According to Theorem 2.7 of this paper, for every $x \geq e$, $$ \log x - \log \log x + \frac{1}{2}\frac{{\log \log x}}{{\log x}} \le W(x) \le \log x - \log \log x + \frac{e}{{e - 1}}\frac{{\log \log x}}{{\log x}} $$ (with equality only for $x=e$). Note that $\frac{e}{{e - 1}} \approx 1.582$.
EDIT (cf. Juan's answer).

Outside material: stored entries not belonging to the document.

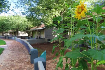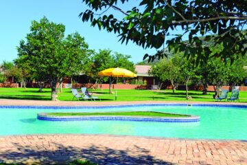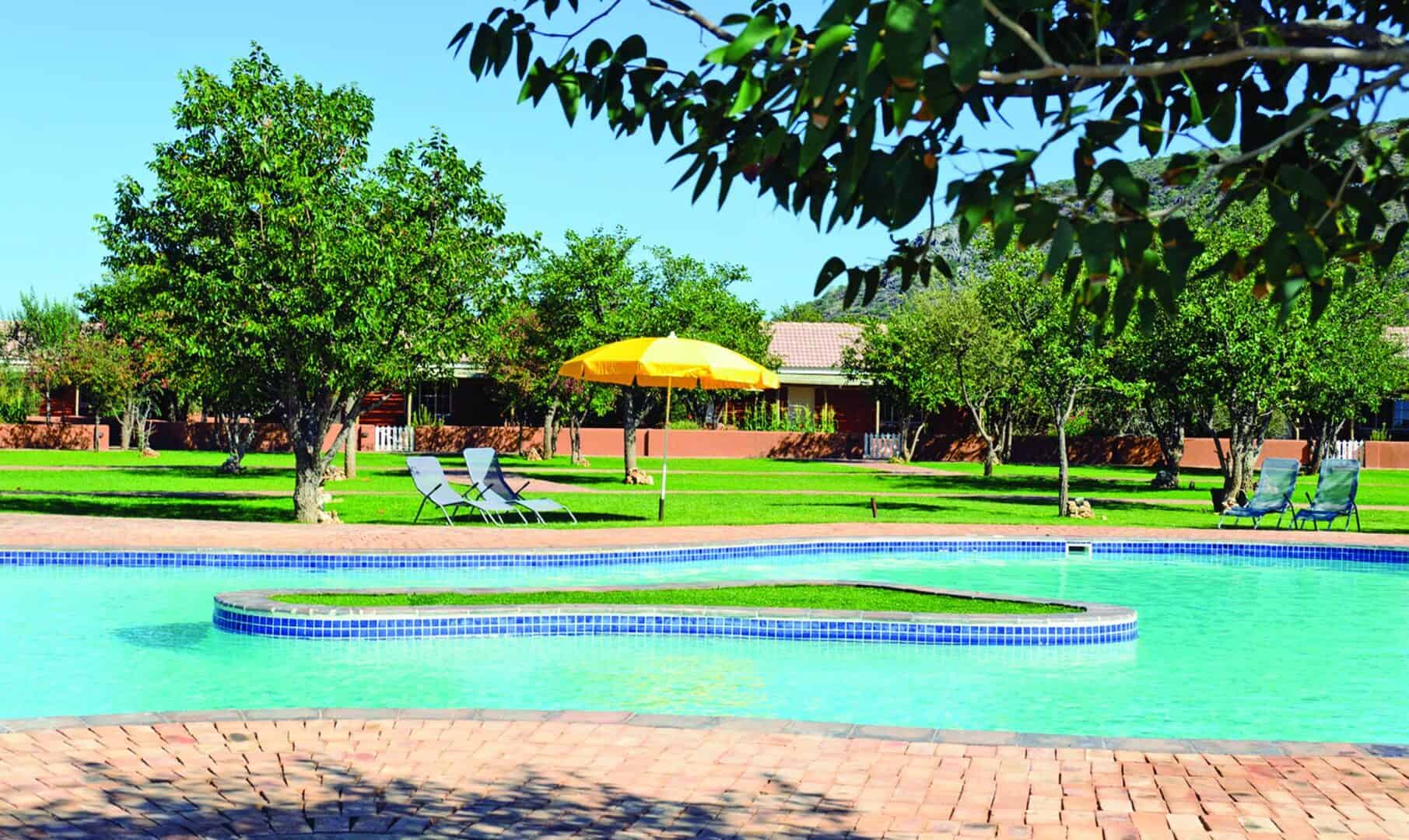 Savour the charm from your stoep where sunflowers peep over walls, refresh in the pool, visit the Twyfelfontein rock engravings 100km away and watch the sun sink into mopane woodland.
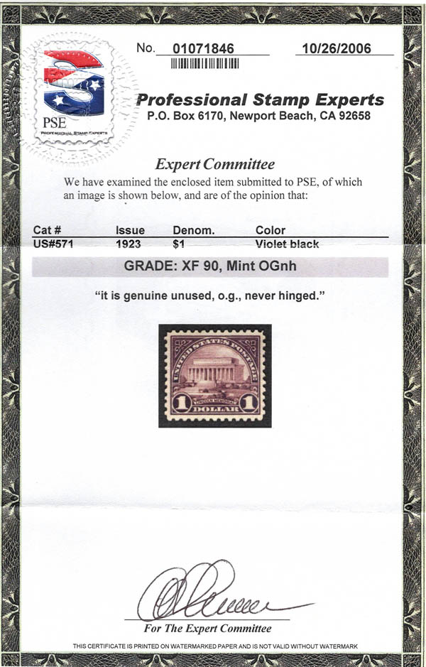 1923, $1 Lincoln Memorial (Scott 571), o.g., never hinged, Extremely Fine, with 2006 P.S.E. certificate graded XF 90. Scott $70. SMQ $125.
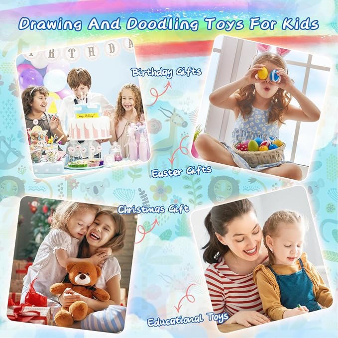 - ๐จChildrens Drawing Magic Book--Kids Erasable Doodle Book Set is 8.6*8.2*0.7 in. Easy to store and carry, perfect for children's school bags. Keep your kids quiet and busy while you travel and enjoy your trip to the fullest!
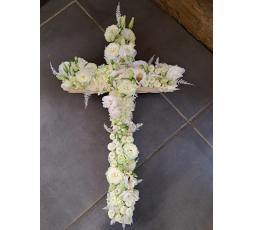 La croix de fleurs pour deuil est un hommage floral élégant et émouvant, conçu pour exprimer vos condoléances et votre soutien dans les moments de chagrin. Cette pièce artistique se distingue par sa symbolique et sa beauté, offrant un dernier adieu respectueux à un être cher. Votre fleuriste saura vous accompagner et vous conseiller pour le choix des fleurs : roses, lisianthus, oeillets,....
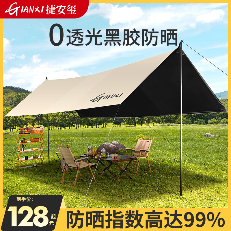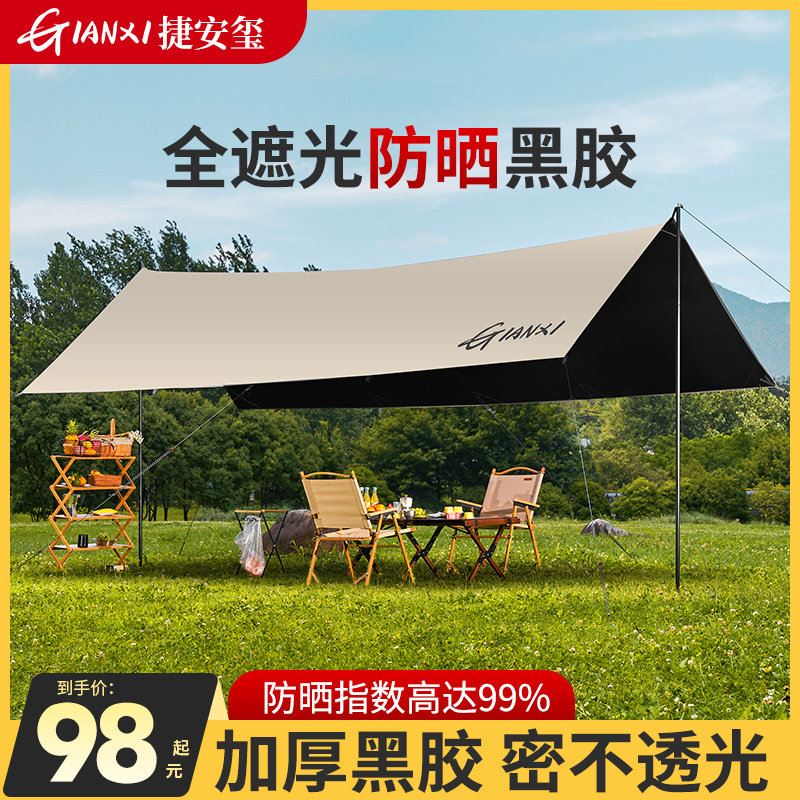 券 30元销量500户外天幕帐篷便携式黑胶涂银遮阳棚防晒防雨凉棚全套露营用品装备
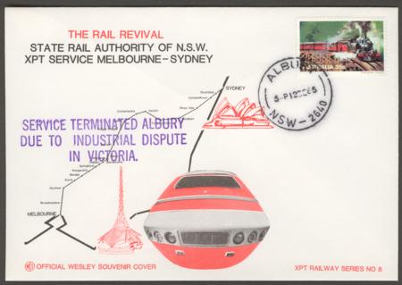 | 1985 Rail Revival Cover, Sydney Melbourne XPT Railway Series No8 Wesley Cover, Dec 11 1985. Handstamp "SERVICE TERMINATED ALBIRY/DUE TO INDUSTRIAL DISPUTE/ IN VICTORIA"
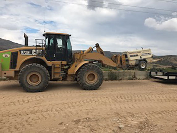 Loader putting equipment on a trailer. -
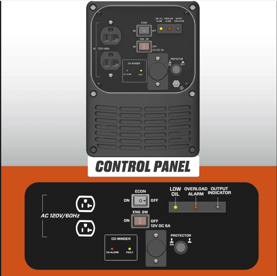 - CO Detector: The generator is equipped with a CO detector & automatic shut-off system to reduce the risk of carbon monoxide poisoning.
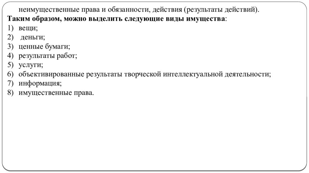 неимущественные права и обязанности, действия (результаты действий). Таким образом, можно выделить следующие виды имущества : вещи; деньги; ценные бумаги; результаты работ; услуги; объективированные результаты творческой интеллектуальной деятельности; информация; имущественные права.
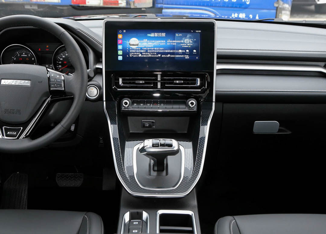 其实M6的那套内饰并不算过时,但在M6 PLUS上哈弗还是进行了明显的改动。虽然中控台依然是对称式的设计,但用料和线条都有了明显的变化,例如空调出风口、镀铬条饰条等元素变得更加精致,不过方向盘造型却没变。
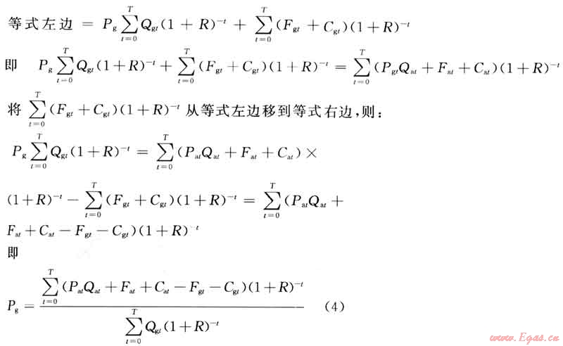 設(shè)T為使用裝置的經(jīng)濟(jì)壽命期年限;t為使用裝置經(jīng)濟(jì)壽命期內(nèi)的某1年,從開始年(0年)到第T年;Pg為替代前提下天然氣長期使用經(jīng)濟(jì)價值(它是用計算期開始年初現(xiàn)值度量的計算期內(nèi)的平均值,常數(shù));Qgt為達(dá)到相同使用效果情況下t年需要消耗的天然氣量;Fgt為達(dá)到相同使用效果情況下建設(shè)使用天然氣的裝置t年需要投入的固定資產(chǎn)投資;Cgt為達(dá)到相同使用效果情況下使用天然氣裝置t年需要發(fā)生的除折舊和天然氣費用以外的其他完全成本(其中還包括營業(yè)費用、財務(wù)費和管理費);R為企業(yè)內(nèi)部收益率;Pat為t年等價替代物價格;Qat為達(dá)到相同使用效果情況下t年需要消耗的替代物數(shù)量;Fat為達(dá)到相同使用效果情況下建設(shè)使用替代物的裝置t年需要投入的固定資產(chǎn)投資;Cat為達(dá)到相同使用效果情況下使用替代物的裝置t年需要發(fā)生的除折舊和替代物費用以外的其他完全成本(其中還包括營業(yè)費用、財務(wù)費和管理費)。
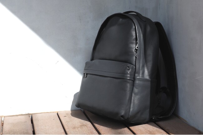 革本来の質感と素材感を保ちつつ、半永久的に防水効果が持続する特殊な素材を使用したリュック。
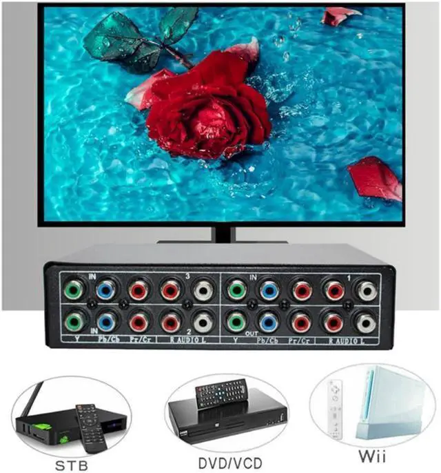RGB Component Switch Selector 5 RCA 3-Way YPBPR Cable Component Switch AV Switcher for PS2 Wii DVD Player TV
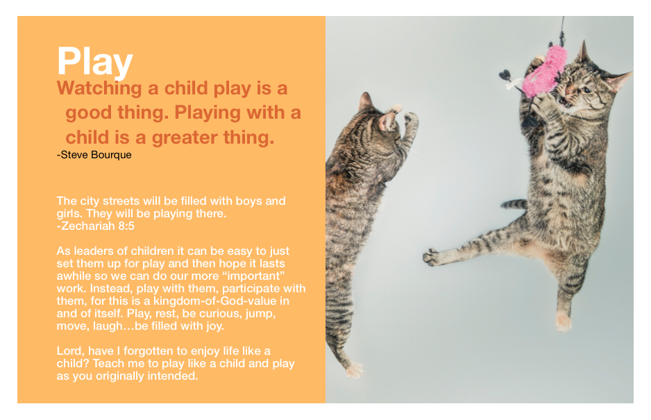 Stress. Can you feel your stomach tighten and your face contort just thinking about that word? Children can be a source of stress, but play is a wonderful antidote to anxiety. Play can soften the toughest of kids and play can bring about greater family or group health. Most importantly, play is a gift from God to be fully enjoyed. Understandably, play cannot be perfectly enjoyed until the New Earth comes, but we can share in glimpses of that great hope to one day come! What are some ways you’ve seen play reduce stress?
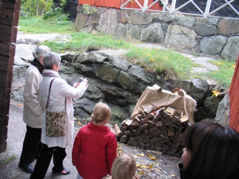 Á laugardeginum tókum við lestina inn til Stokkhólms og fórum á Skansen, eins konar Árbæjarsafn Svía og eitt af fyrstu útisöfnum í heimi. Svæðinu er í raun skipt upp í þrjá hluta, bæjarhlutann þar sem búið er að endurgera lítinn kaupstað með bakaríi, smíðaverkstæði, glerverkstæði og fleiru; dýragarð með norrænum dýrum og svo sveitahluta þar sem búið er að endurreisa gamalt sveitaþorp með bæjum, kirkju, skóla og fleiru. Hér eru fjórar kynslóðir í beinan kvenlegg ásamt einum litlum Huga fyrir utan bakaríið í bæjarhlutanum og ég er með nýbakaðar kanilbulla og annað kruðerí í bréfpoka!
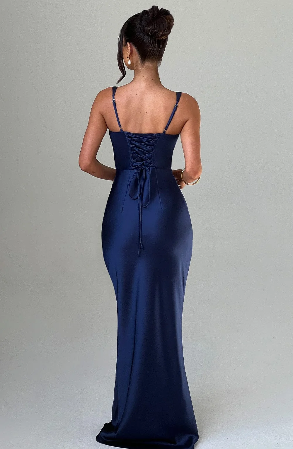 Experience the perfect fit and feminine allure with our Navy Satin Bias Cut Maxi Dress. Crafted from premium non-stretch satin, this dress features a corseted bodice with boning for a cinched waist, pleated cups, and adjustable straps. Complete with a lace-up back and invisible zipper, this maxi dress guarantees a stunning silhouette. Elevate your style effortlessly with a chic messy bun and tonal heels. Model showcased in size XS.
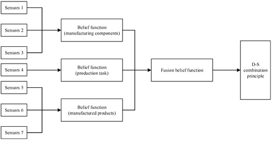 The health state of manufacturing systems is divided into three levels—a high performance state, a medium state, and a low state. The three aspects of data fusion—degradation of manufacturing components, increase in processing time, and degradation of the quality deviation of manufactured products—are the evident sources for the final decision making of manufacturing equipment’s performance state. The final performance state category is determined by the fusion diagnosis process as shown in Figure 5.
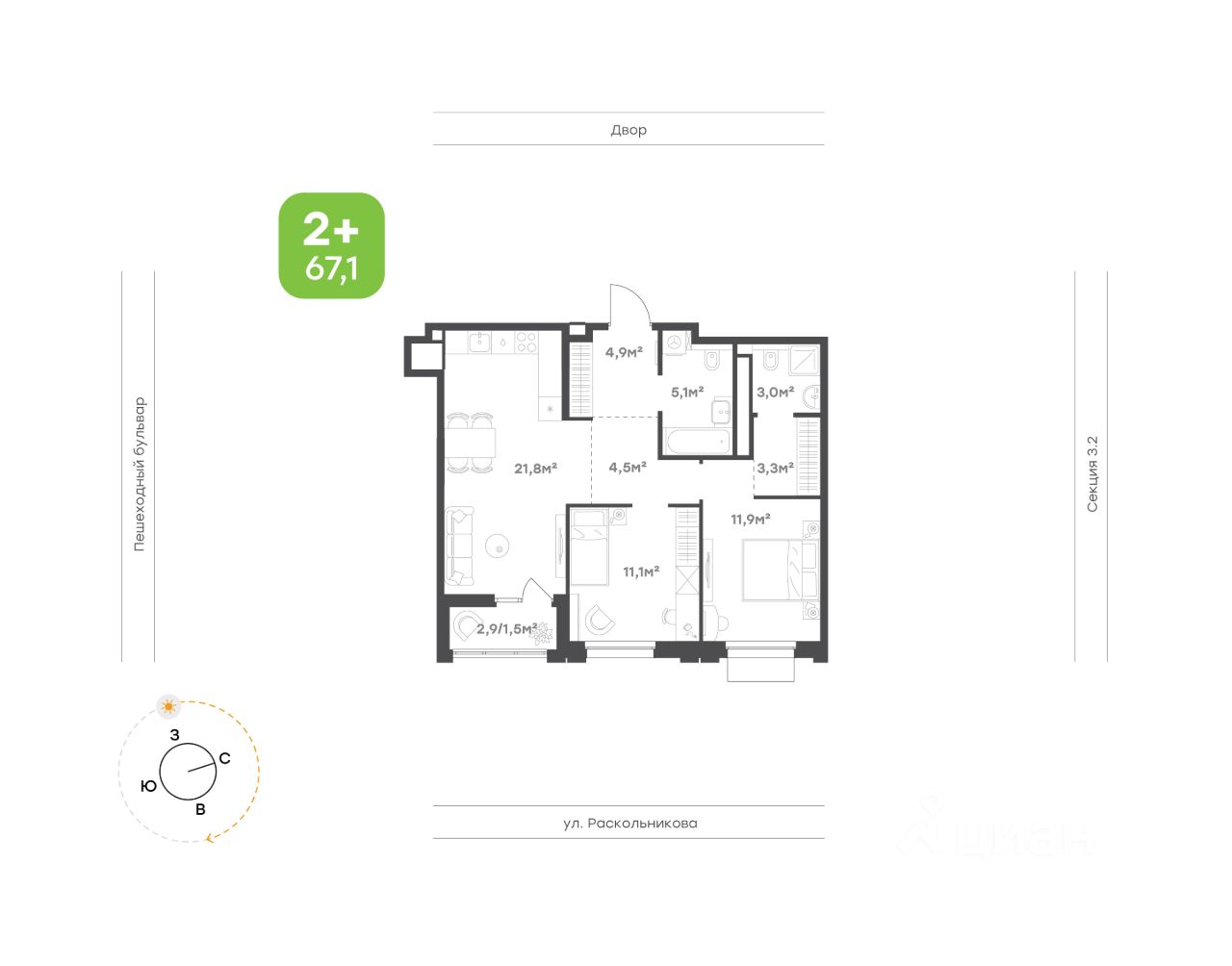 67,1 м²
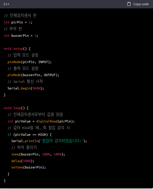 위 코드에서 pirPin과 buzzerPin은 사용자가 연결한 실제 핀 번호에 맞게 변경해야 합니다. 또한, 침입이 감지될 때마다 Serial 통신을 통해 메시지를 출력하도록 되어 있습니다. 이 부분은 필요에 따라 삭제하거나 변경할 수 있습니다.
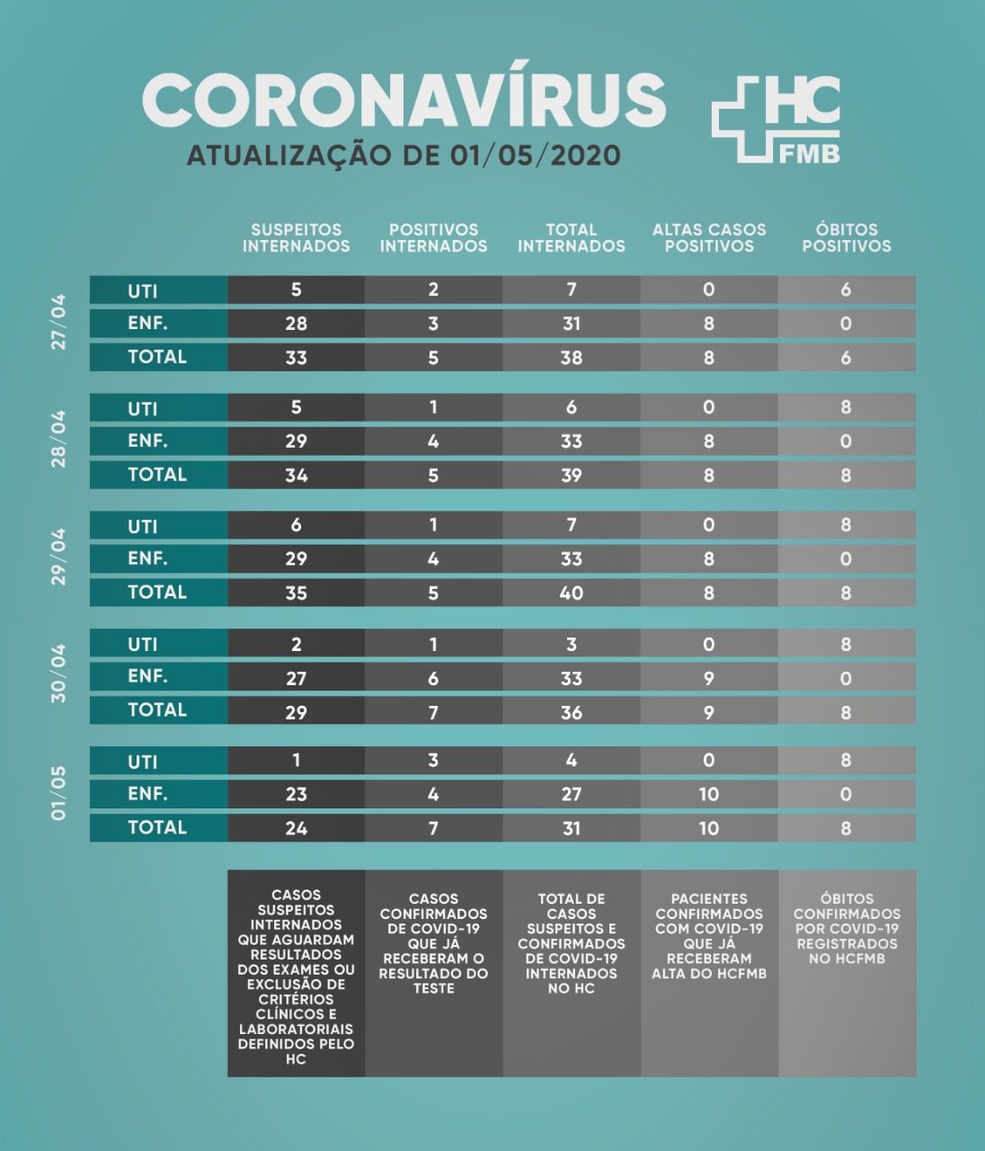 Segue abaixo tabela atualizada com número de pacientes internados (casos suspeitos e confirmados) em enfermarias e UTI do HC, além das altas e óbitos confirmados.

According to Wolfram MathWorld, an asymptotic formula which yields reasonably accurate results for sufficiently large $x$ is $$ W(x) = L_1 - L_2 + \frac{{L_2 }}{{L_1 }} + \frac{{L_2 ( - 2 + L_2 )}}{{2L_1^2 }} + \frac{{L_2 (6 - 9L_2 + 2L_2^2 )}}{{6L_1^3 }} $$ $$ + \frac{{L_2 ( - 12 + 36L_2 - 22L_2^2 + 3L_2^3 )}}{{12L_1^4 }} + \frac{{L_2 (60 - 300L_2 + 350L_2^2 - 125L_2^3 + 12L_2^4 )}}{{60L_1^5 }} + O\bigg[\bigg(\frac{{L_2 }}{{L_1 }}\bigg)^6 \bigg], $$ where $$ L_1 = \log x $$ $$ L_2 = \log \log x. $$ Useful references can be found in that link.
One of the original papers by Corless et al. on the Lambert function gives the following series expansion at $\infty$ for the (principal branch of the) Lambert function:
$$W_0(z)=\ln\;z-\ln\ln\;z+\sum_{n=1}^\infty\left(\frac{-1}{\ln\;z}\right)^n \sum_{m=1}^n (-1)^m \left[n\atop{n-m+1}\right]\frac{(\ln\ln\;z)^m}{m!}$$
where $\left[n\atop m\right]$ is a Stirling cycle number.
This Mathematica program takes a while to evaluate:
Clear[x, a, nn, b, z]
nn = 200;
z = 100
a = Series[Exp[-x], {x, N[Log[z], 500], nn}];
b = Normal[InverseSeries[Series[x/a, {x, 0, nn}]]];
x = z;
N[b, 20]
N[LambertW[x], 30]
It appears to give LambertW(100) = 3.3856301402900501849... but it uses 200 terms of the power series of Exp[-x] expanded at Log[100] to get there.